Разговор закончен. Хозяин набивает трубку. Разговаривает сам с собой. Сердится. Зачем он достал эту штуковину, которая выплевывает огонь?
Развернув револьвер, Г тщательно протирает его и сует с разных сторон за пояс, словно ищет укромное место. Но вот наконец расправляет рубашку поверх брюк. Бугорок с оружием едва заметен. С этого момента Г полон решимости отразить любую атаку.
«Он далеко», — сказала Патрисия. Откуда ей знать? Стало быть, мсье Луи предупреждает ее, когда уезжает? А почему бы ему не оказаться где-нибудь поблизости? Г идет выкурить трубку на пороге дома. Внимательно осматривает лесную дорогу, по которой прыгает сорока. Может, он представляет собой отличную мишень на темном фоне прихожей? Но мсье Луи не тот человек, чтобы стрелять с большого расстояния! Он найдет более скорый способ! Верный ему подручный промчится мимо на мотоцикле и, не останавливаясь, швырнет гранату. Совсем необязательно добраться до обитателей дома. Цель: произвести разрушение, поджечь, установив таким образом связь между обнаруженным складом оружия и присутствием вблизи стройки отпускника с немецкой овчаркой. Короче, создать такую неясную ситуацию, при которой полиция не будет знать, с какого бока взяться за расследование. Г не забыл: он сам был свидетелем подобной жестокости в Париже! Граната! Изуродованная собака! Вполне возможно, что покушение, так сильно подействовавшее на него, тоже было спланировано мсье Луи!

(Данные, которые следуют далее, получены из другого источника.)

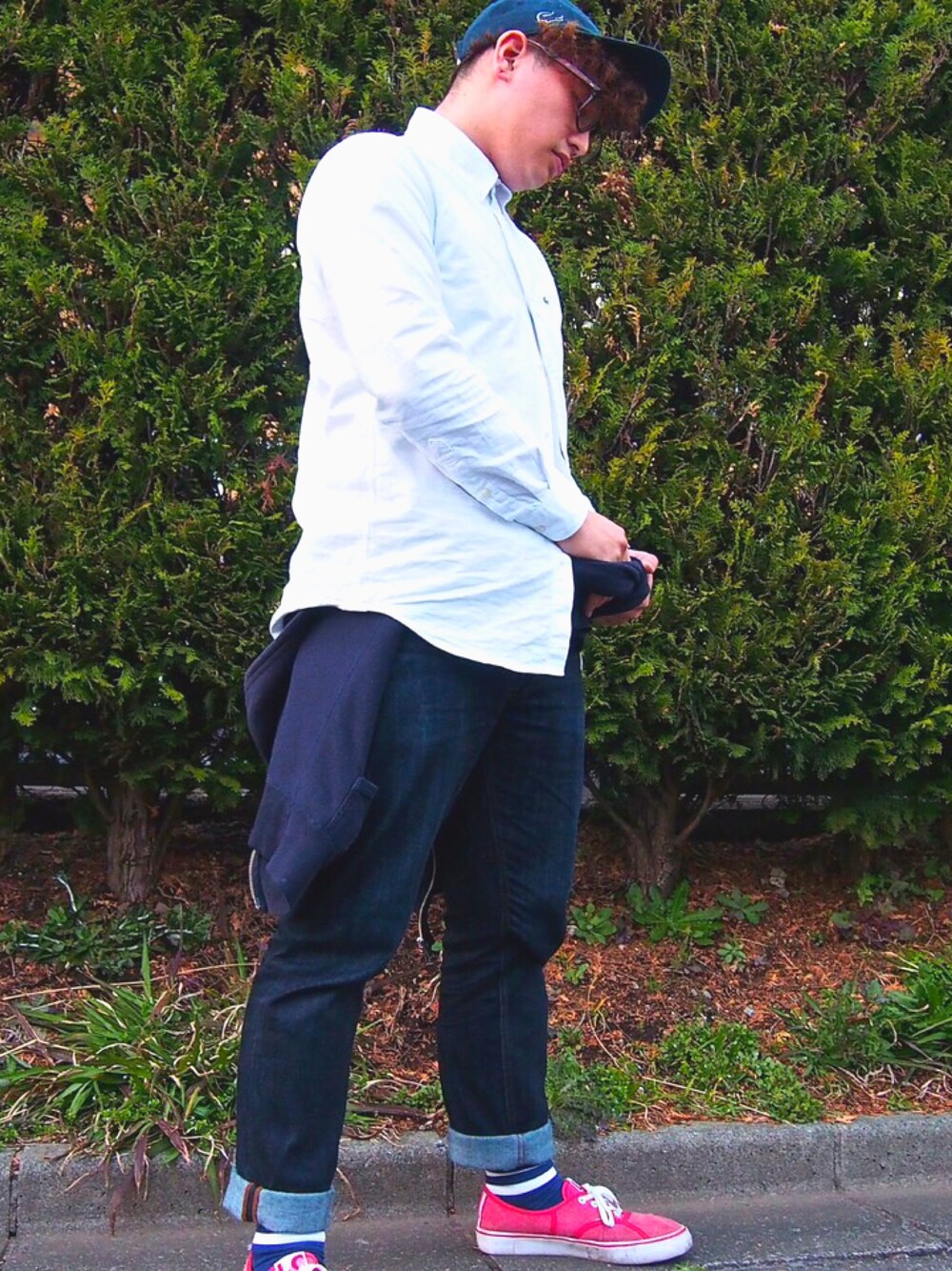 こんにちは! 初投稿になります! ラコステ羽田空港店の大瀧です! 本日より各週で皆様にお届けしたいのは、 ズバリ、シャツ特集でございます! 僕の大好きな、定番のオックスシャツをシンプルかつおしゃれに着こなす術をご紹介致します! 本日の投稿は天気が良かったので、近所の公園へ! 濃い目のデニムと白シャツの組み合わせです! マリンテイストでまとめてみました! 少しロールアップして、靴下のボーダーもシャツとデニムの色味にあっていて、おしゃれです! こういったシンプルな着こなしの時は小物で差を つけます! そこで、皆様にオススメしたいのが、このキャップ! シンプルかつ、おしゃれなデザインでマリン感もあるので、個人的に1番お気に入りです! そして、最後に、ワンランク上のコーディネートポイント! 中にTシャツを着て、ボタンを上から2つだけ締めて、下を開け放します! これだけで、西海岸風のおしゃれ感が一気に漂いますよ! それでは、また来週! 次回のシャツは黄色! お楽しみに…!!!

«Чего я только не насочинял, — сетует Г. — Не ведал я за собой подобной слабости!» И тотчас, чтобы прогнать неприятную мысль, стал успокаивать себя: «У Патрисии, насколько я знаю, такой хитрющей, наверняка есть план спасения, обдуманный заранее! Работая так, как работала она, отвоевывая свою независимость, можно было научиться предвидеть, чтобы, всегда оставаясь начеку, при малейшей опасности незаметно укрыться в каком-нибудь тайном убежище. И пускай сердится сколько угодно, уверяя, будто все ее планы рухнули, не стоит обращать внимания. Она всегда была вспыльчивой, но головы никогда не теряла! Выходит из себя! Ругается! Способна даже ударить! Но следует точному расчету и от намеченной цели не отступает. Поэтому разумнее все-таки положиться на нее, при условии что она не станет вымещать своего раздражения на Ромуле. К тому же злость ее напускная». Г едва решается признаться себе почему! Но настоящая, истинная причина в том, что она сохранила по отношению к возлюбленному юношеских лет своего рода ворчливую нежность, находившую прежде выражение в насмешливых прозвищах: Кид Карабин, Эль Пистолеро или Вильгельм Телль. Не бросит же она его теперь!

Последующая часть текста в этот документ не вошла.